In black leather on a black horse, bearded dark-eyed gunslinger Topo (Jodorowsky) rides the desert with his naked son (his real-life son Brontis), whom on his seventh birthday he has bury his childhood in a teddy bear and portrait of his mother. Reaching a hamlet of bloody bodies, cawing carrion crows (a recurring image), and fey young Franciscans, the rider avenges the peasants by castrating the bandido leader Colonel (David Silva) and taking his woman Mara (Mara Lorenzio) with him while leaving the boy behind with the monks.
Always identified by the title-hero’s Spanish sobriquet, the film remarks that the noun means “mole,” an underground creature blinded by the light. “I am God,” he brags, but egged on by this woman who cannot love him until he proves to be the best, he must encounter and vanquish four weird “Masters,” along the way picking up a second female (Paula Romo), also in black.
SPOILER ALERT
He appears to give up the ghost but is in fact rescued by a crone who leads a sort of leper colony, the lame and scrofulous, blind and deformed, who worship his comatose now-blond wild-haired self. Awakened after twenty years, shorn and shaved, the now Servant of Man teams with a dwarf woman (Jacqueline Luis) to dig a tunnel through which these outcasts can escape their cavern prison for the nearby decadent racist town that does not want them. Dressed monkishly, he and she enter the burg to clown for dynamite money to complete the freedom tunnel.
In this Magic Realism, nothing is out of bounds or impossible, not even the light-eyed gunslinger in black leather (Robert John) who happens by and will ride off with the future on his black horse.

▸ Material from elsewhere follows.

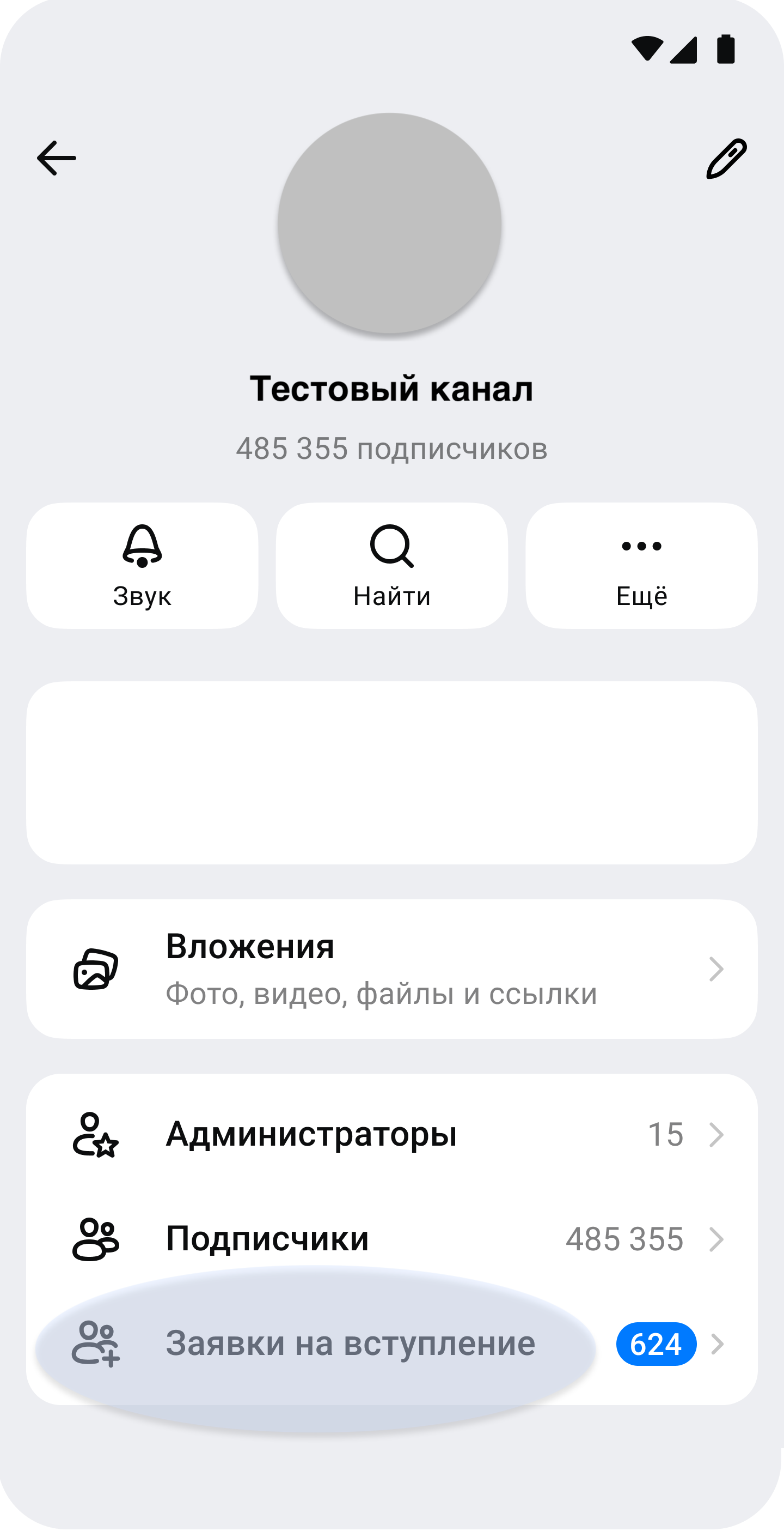 Если у вас появились заявки, вы увидите уведомление «Новые заявки на вступление» прямо в канале. Нажмите на него — вы перейдёте к заявкам

There exists a report that for decades Jodorowsky projected scripting and shooting a continuation, The Sons of El Topo rebaptized Abelcain on account of legal problems, maybe starring longtime fan Marilyn Manson. Better left undone, because the story of El Topo proves too scattered and weak to bear its digressions and vague symbols that suggest everything, anything and nothing. His screen strength lies in striking visuals, handled more effectively three years later in HM.